What the task asks:
The entries below are to be transcribed in full, without their images.
=== Section Start ===
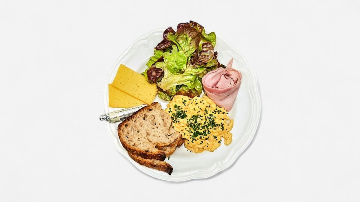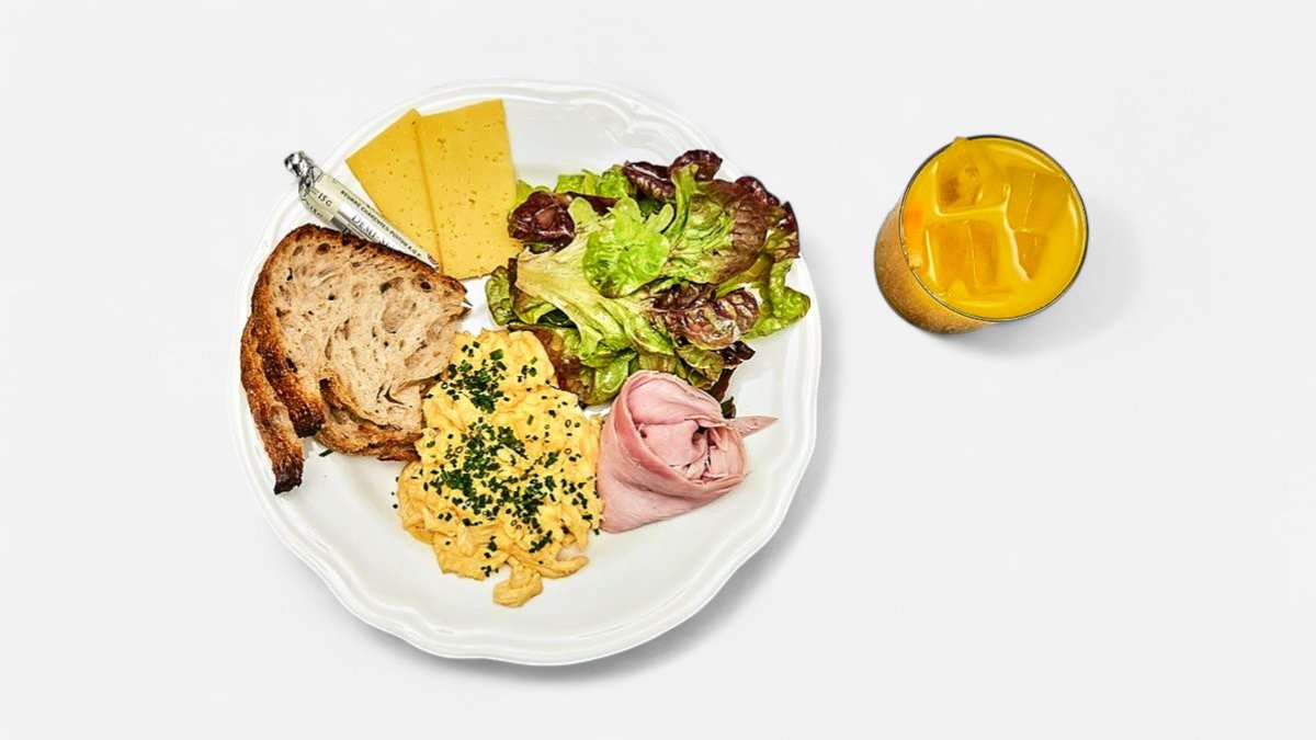 Røræg med cotto di alta-skinke, Søtofte økologisk Søbo-ost, grøn salat og surdejsbrød. Serveres med valg af drikke.
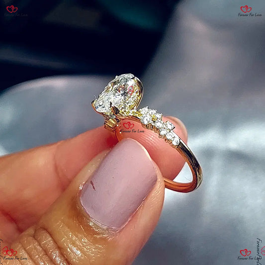 Bague de fiançailles en or massif avec diamants en grappe et moissanite ovale de style hybride de style vintage unique
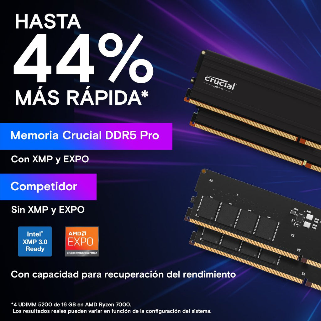 Con el doble de ancho de banda que la generación anterior, Crucial DDR5 Pro permite una multitarea de nuevo nivel y un procesamiento más rápido para poder hacer frente incluso a las cargas de trabajo más pesadas en menos tiempo.
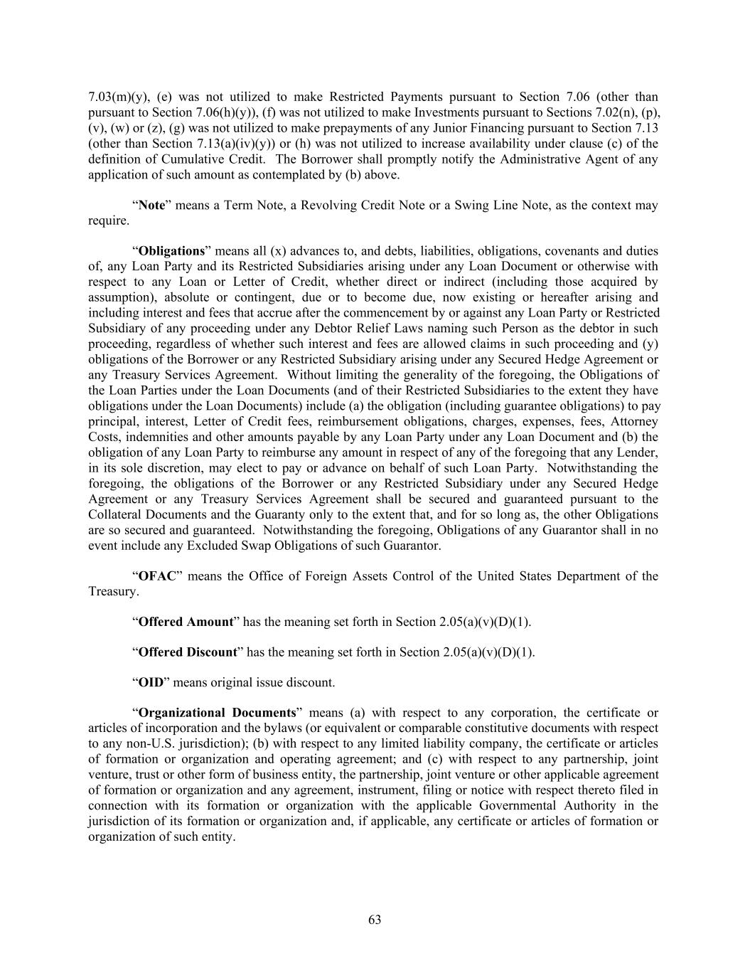 7.03(m)(y), (e) was not utilized to make Restricted Payments pursuant to Section 7.06 (other thanpursuant to Section 7.06(h)(y)), (f) was not utilized to make Investments pursuant to Sections 7.02(n), (p), (v), (w) or (z), (g) was not utilized to make prepayments of any Junior Financing pursuant to Section 7.13(other than Section 7.13(a)(iv)(y)) or (h) was not utilized to increase availability under clause (c) of thedefinition of Cumulative Credit. The Borrower shall promptly notify the Administrative Agent of anyapplication of such amount as contemplated by (b) above.“Note” means a Term Note, a Revolving Credit Note or a Swing Line Note, as the context mayrequire. “Obligations” means all (x) advances to, and debts, liabilities, obligations, covenants and dutiesof, any Loan Party and its Restricted Subsidiaries arising under any Loan Document or otherwise withrespect to any Loan or Letter of Credit, whether direct or indirect (including those acquired byassumption), absolute or contingent, due or to become due, now existing or hereafter arising andincluding interest and fees that accrue after the commencement by or against any Loan Party or RestrictedSubsidiary of any proceeding under any Debtor Relief Laws naming such Person as the debtor in suchproceeding, regardless of whether such interest and fees are allowed claims in such proceeding and (y)obligations of the Borrower or any Restricted Subsidiary arising under any Secured Hedge Agreement orany Treasury Services Agreement. Without limiting the generality of the foregoing, the Obligations ofthe Loan Parties under the Loan Documents (and of their Restricted Subsidiaries to the extent they haveobligations under the Loan Documents) include (a) the obligation (including guarantee obligations) to payprincipal, interest, Letter of Credit fees, reimbursement obligations, charges, expenses, fees, AttorneyCosts, indemnities and other amounts payable by any Loan Party under any Loan Document and (b) theobligation of any Loan Party to reimburse any amount in respect of any of the foregoing that any Lender,in its sole discretion, may elect to pay or advance on behalf of such Loan Party. Notwithstanding theforegoing, the obligations of the Borrower or any Restricted Subsidiary under any Secured HedgeAgreement or any Treasury Services Agreement shall be secured and guaranteed pursuant to theCollateral Documents and the Guaranty only to the extent that, and for so long as, the other Obligationsare so secured and guaranteed. Notwithstanding the foregoing, Obligations of any Guarantor shall in noevent include any Excluded Swap Obligations of such Guarantor.“OFAC” means the Office of Foreign Assets Control of the United States Department of theTreasury.“Offered Amount” has the meaning set forth in Section 2.05(a)(v)(D)(1).“Offered Discount” has the meaning set forth in Section 2.05(a)(v)(D)(1).“OID” means original issue discount.“Organizational Documents” means (a) with respect to any corporation, the certificate orarticles of incorporation and the bylaws (or equivalent or comparable constitutive documents with respectto any non-U.S. jurisdiction); (b) with respect to any limited liability company, the certificate or articlesof formation or organization and operating agreement; and (c) with respect to any partnership, jointventure, trust or other form of business entity, the partnership, joint venture or other applicable agreementof formation or organization and any agreement, instrument, filing or notice with respect thereto filed inconnection with its formation or organization with the applicable Governmental Authority in thejurisdiction of its formation or organization and, if applicable, any certificate or articles of formation ororganization of such entity. 63
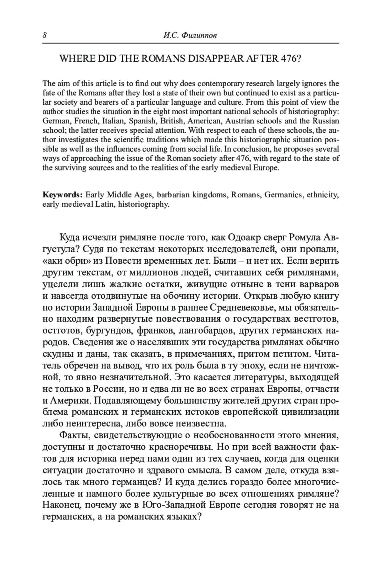 Куда исчезли римляне после того, как Одоакр сверг Ромула Августула? Судя по текстам некоторых исследователей, они пропали, «аки обри» из Повести временных лет. Были – и нет их. Если верить другим текстам, от миллионов людей, считавших себя римлянами, уцелели лишь жалкие остатки, живущие отныне в тени варваров и навсегда отодвинутые на обочину истории. Открыв любую книгу по истории Западной Европы в раннее Средневековье, мы обязательно находим развернутые повествования о государствах вестготов, остготов, бургундов, франков, лангобардов, других германских народов. Сведения же о населявших эти государства римлянах обычно скудны и даны, так сказать, в примечаниях, притом петитом. Читатель обречен на вывод, что их роль была в ту эпоху, если не ничтожной, то явно незначительной. Это касается литературы, выходящей не только в России, но и едва ли не во всех странах Европы, отчасти и Америки. Подавляющему большинству жителей других стран проблема романских и германских истоков европейской цивилизации либо неинтересна, либо вовсе неизвестна
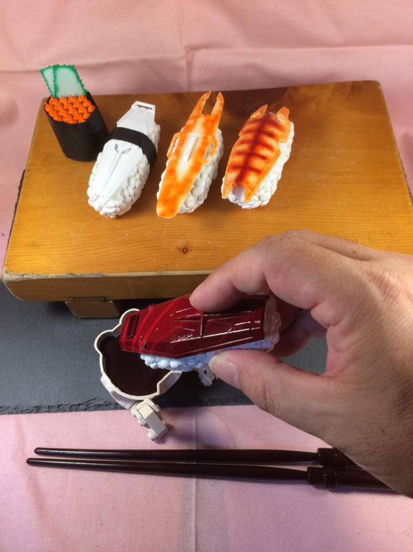 當然,除了高達模型零件的部分,樓主亦在作品中用了很多黏土幫助塑形,如壽司中的飯粒全都是由黏土做出來,當中花了無數心思。大家見到這些作品後,有沒有打算創作自己的高達模型改造美食系列?
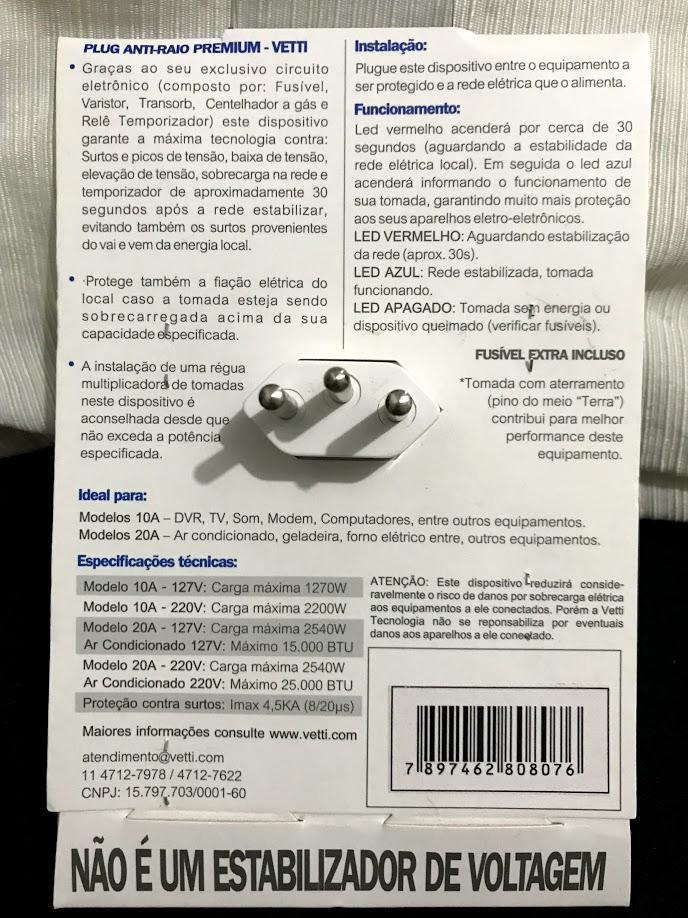 Pessoal entendedores, Anos atrás após ler um tópico do nosso ilustrissimo @faller, abandonei todos os estabilizadores de energia e sou pregador do novo evangelho. Atualmente eu uso um DPS "Clamper Energia 2" no PC e nos acessórios da mesma tomada, moro em prédio grande e aparentemente ele é aterrado pois o fio terra está presente nas tomadas (se está funcionando ou não, não sei como testar). Porém sei que esse clamper adiciona a proteção usando apenas 3 varistores (se é suficiente ou não, não sou capaz de opinar). Gostaria de comprar um outro protetor de energia para a tomada que atende a TV e num belo passeio pela Leroy encontrei sem querer o VETTI que utiliza em sua proteção: fusivel, varistores também, centelhador a gás, transorb e relê temporizador. http://vetti.com.br/produto/protetor-contra-raio/. Alguém já o utilizou e sabe se é bom, ou se é só fachada? Sei que eu pego muita interferencia de rádio nos meus equipamentos de áudio no ap, existe algum jeito de parar com isso, também? Obrigado!
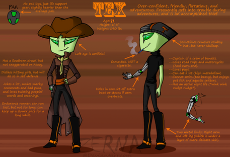 Nuic attended the Invader's Academy in his teen years along with Tex. He was one of those students who got perfect scores in every class. The teachers liked him, the students liked him. A certain event in his first year at the Academy, however, kept his ego from getting overinflated. He was promoted to a sort of teacher's aid in various classes after he had been in the academy for 2 irken years for his maturity and quickness to learn. He took part in organizing school events, training opportunities, etc. Only in the simulated battles was he starting to lag behind---he could shoot the targets just fine, but he wasn't good at doing the dirty, killing jobs that was expected of soldiers...taking innocent lives, or killing enemies who didn't come off as evil. In this, the academy saw a shortcoming, but he was good enough at everything else for them to overlook this, for now. Despite this, he recognized his own self-worth, and liked to think of himself as near-perfect...even going out of his way to be well-mannered at all times, to a point that it was weird to the rest of surrounding society, like he was some uppity, snobbish royal.
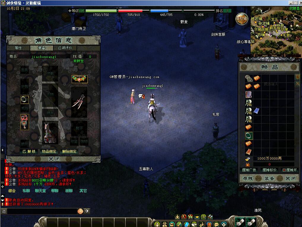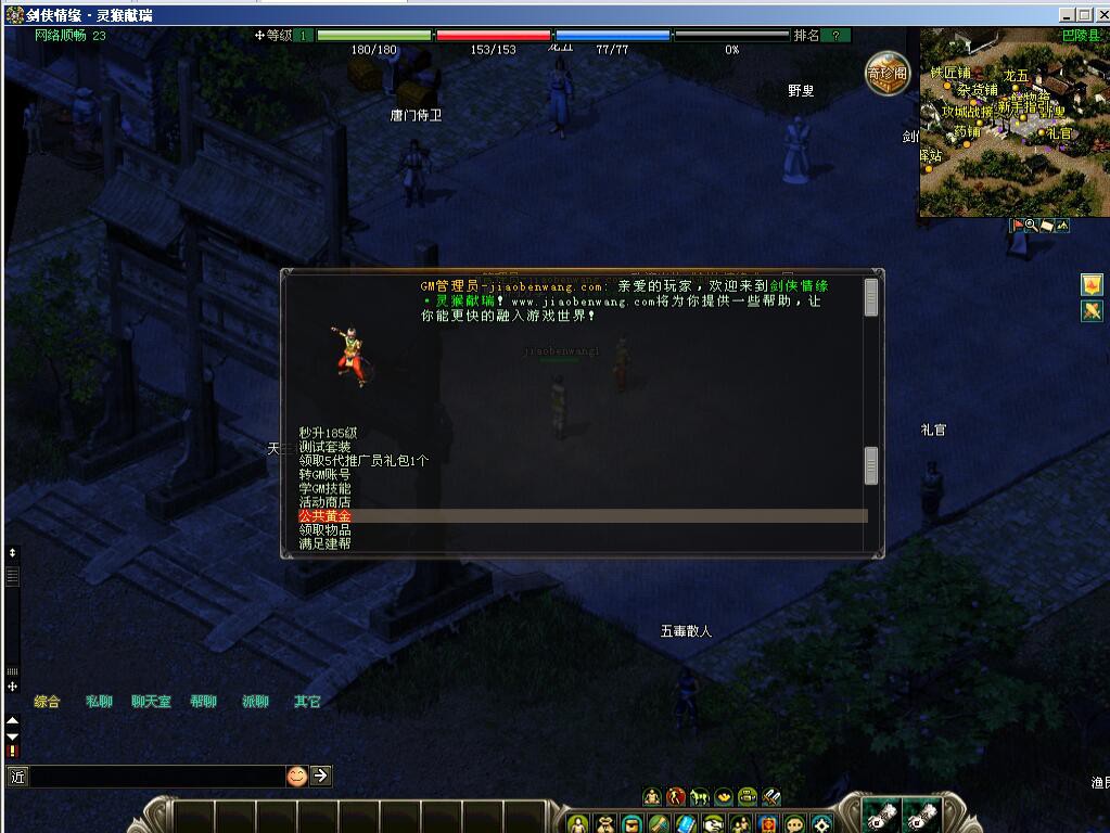 下载好服务端后一定要看清楚下面的注意事项。XP系统里桌面启动1删除,然后进入D盘,设置文件夹选项为 隐藏文件夹可见。里面有启动的2个文件, 逐个点开就可以了。其他按照视频架设就好了。这步切记要做,否则服务器端将没有启动。完美进游戏,各种功能完美运行,研究下应该可以开外网。里面有个注册网关,在VM虚拟机不用设置任何映射,网关 放服务器桌面设置 好转发,外网可以注册,就是不能进游戏,请各位大神研究下。唯一美中不足的就是恶狼谷不能使用乾坤弹,不知道怎么修复。GM账号就是教程那个,其他注册号不能刷GM玉玺,其他都可以。请自行查毒!
=== Section End ===
Answer section:
 Røræg med cotto di alta-skinke, Søtofte økologisk Søbo-ost, grøn salat og surdejsbrød. Serveres med valg af drikke.
 Bague de fiançailles en or massif avec diamants en grappe et moissanite ovale de style hybride de style vintage unique
 Con el doble de ancho de banda que la generación anterior, Crucial DDR5 Pro permite una multitarea de nuevo nivel y un procesamiento más rápido para poder hacer frente incluso a las cargas de trabajo más pesadas en menos tiempo.
 7.03(m)(y), (e) was not utilized to make Restricted Payments pursuant to Section 7.06 (other thanpursuant to Section 7.06(h)(y)), (f) was not utilized to make Investments pursuant to Sections 7.02(n), (p), (v), (w) or (z), (g) was not utilized to make prepayments of any Junior Financing pursuant to Section 7.13(other than Section 7.13(a)(iv)(y)) or (h) was not utilized to increase availability under clause (c) of thedefinition of Cumulative Credit. The Borrower shall promptly notify the Administrative Agent of anyapplication of such amount as contemplated by (b) above.“Note” means a Term Note, a Revolving Credit Note or a Swing Line Note, as the context mayrequire. “Obligations” means all (x) advances to, and debts, liabilities, obligations, covenants and dutiesof, any Loan Party and its Restricted Subsidiaries arising under any Loan Document or otherwise withrespect to any Loan or Letter of Credit, whether direct or indirect (including those acquired byassumption), absolute or contingent, due or to become due, now existing or hereafter arising andincluding interest and fees that accrue after the commencement by or against any Loan Party or RestrictedSubsidiary of any proceeding under any Debtor Relief Laws naming such Person as the debtor in suchproceeding, regardless of whether such interest and fees are allowed claims in such proceeding and (y)obligations of the Borrower or any Restricted Subsidiary arising under any Secured Hedge Agreement orany Treasury Services Agreement. Without limiting the generality of the foregoing, the Obligations ofthe Loan Parties under the Loan Documents (and of their Restricted Subsidiaries to the extent they haveobligations under the Loan Documents) include (a) the obligation (including guarantee obligations) to payprincipal, interest, Letter of Credit fees, reimbursement obligations, charges, expenses, fees, AttorneyCosts, indemnities and other amounts payable by any Loan Party under any Loan Document and (b) theobligation of any Loan Party to reimburse any amount in respect of any of the foregoing that any Lender,in its sole discretion, may elect to pay or advance on behalf of such Loan Party. Notwithstanding theforegoing, the obligations of the Borrower or any Restricted Subsidiary under any Secured HedgeAgreement or any Treasury Services Agreement shall be secured and guaranteed pursuant to theCollateral Documents and the Guaranty only to the extent that, and for so long as, the other Obligationsare so secured and guaranteed. Notwithstanding the foregoing, Obligations of any Guarantor shall in noevent include any Excluded Swap Obligations of such Guarantor.“OFAC” means the Office of Foreign Assets Control of the United States Department of theTreasury.“Offered Amount” has the meaning set forth in Section 2.05(a)(v)(D)(1).“Offered Discount” has the meaning set forth in Section 2.05(a)(v)(D)(1).“OID” means original issue discount.“Organizational Documents” means (a) with respect to any corporation, the certificate orarticles of incorporation and the bylaws (or equivalent or comparable constitutive documents with respectto any non-U.S. jurisdiction); (b) with respect to any limited liability company, the certificate or articlesof formation or organization and operating agreement; and (c) with respect to any partnership, jointventure, trust or other form of business entity, the partnership, joint venture or other applicable agreementof formation or organization and any agreement, instrument, filing or notice with respect thereto filed inconnection with its formation or organization with the applicable Governmental Authority in thejurisdiction of its formation or organization and, if applicable, any certificate or articles of formation ororganization of such entity. 63
 Куда исчезли римляне после того, как Одоакр сверг Ромула Августула? Судя по текстам некоторых исследователей, они пропали, «аки обри» из Повести временных лет. Были – и нет их. Если верить другим текстам, от миллионов людей, считавших себя римлянами, уцелели лишь жалкие остатки, живущие отныне в тени варваров и навсегда отодвинутые на обочину истории. Открыв любую книгу по истории Западной Европы в раннее Средневековье, мы обязательно находим развернутые повествования о государствах вестготов, остготов, бургундов, франков, лангобардов, других германских народов. Сведения же о населявших эти государства римлянах обычно скудны и даны, так сказать, в примечаниях, притом петитом. Читатель обречен на вывод, что их роль была в ту эпоху, если не ничтожной, то явно незначительной. Это касается литературы, выходящей не только в России, но и едва ли не во всех странах Европы, отчасти и Америки. Подавляющему большинству жителей других стран проблема романских и германских истоков европейской цивилизации либо неинтересна, либо вовсе неизвестна
 當然,除了高達模型零件的部分,樓主亦在作品中用了很多黏土幫助塑形,如壽司中的飯粒全都是由黏土做出來,當中花了無數心思。大家見到這些作品後,有沒有打算創作自己的高達模型改造美食系列?
 Pessoal entendedores, Anos atrás após ler um tópico do nosso ilustrissimo @faller, abandonei todos os estabilizadores de energia e sou pregador do novo evangelho. Atualmente eu uso um DPS "Clamper Energia 2" no PC e nos acessórios da mesma tomada, moro em prédio grande e aparentemente ele é aterrado pois o fio terra está presente nas tomadas (se está funcionando ou não, não sei como testar). Porém sei que esse clamper adiciona a proteção usando apenas 3 varistores (se é suficiente ou não, não sou capaz de opinar). Gostaria de comprar um outro protetor de energia para a tomada que atende a TV e num belo passeio pela Leroy encontrei sem querer o VETTI que utiliza em sua proteção: fusivel, varistores também, centelhador a gás, transorb e relê temporizador. http://vetti.com.br/produto/protetor-contra-raio/. Alguém já o utilizou e sabe se é bom, ou se é só fachada? Sei que eu pego muita interferencia de rádio nos meus equipamentos de áudio no ap, existe algum jeito de parar com isso, também? Obrigado!
 Nuic attended the Invader's Academy in his teen years along with Tex. He was one of those students who got perfect scores in every class. The teachers liked him, the students liked him. A certain event in his first year at the Academy, however, kept his ego from getting overinflated. He was promoted to a sort of teacher's aid in various classes after he had been in the academy for 2 irken years for his maturity and quickness to learn. He took part in organizing school events, training opportunities, etc. Only in the simulated battles was he starting to lag behind---he could shoot the targets just fine, but he wasn't good at doing the dirty, killing jobs that was expected of soldiers...taking innocent lives, or killing enemies who didn't come off as evil. In this, the academy saw a shortcoming, but he was good enough at everything else for them to overlook this, for now. Despite this, he recognized his own self-worth, and liked to think of himself as near-perfect...even going out of his way to be well-mannered at all times, to a point that it was weird to the rest of surrounding society, like he was some uppity, snobbish royal.
 下载好服务端后一定要看清楚下面的注意事项。XP系统里桌面启动1删除,然后进入D盘,设置文件夹选项为 隐藏文件夹可见。里面有启动的2个文件, 逐个点开就可以了。其他按照视频架设就好了。这步切记要做,否则服务器端将没有启动。完美进游戏,各种功能完美运行,研究下应该可以开外网。里面有个注册网关,在VM虚拟机不用设置任何映射,网关 放服务器桌面设置 好转发,外网可以注册,就是不能进游戏,请各位大神研究下。唯一美中不足的就是恶狼谷不能使用乾坤弹,不知道怎么修复。GM账号就是教程那个,其他注册号不能刷GM玉玺,其他都可以。请自行查毒!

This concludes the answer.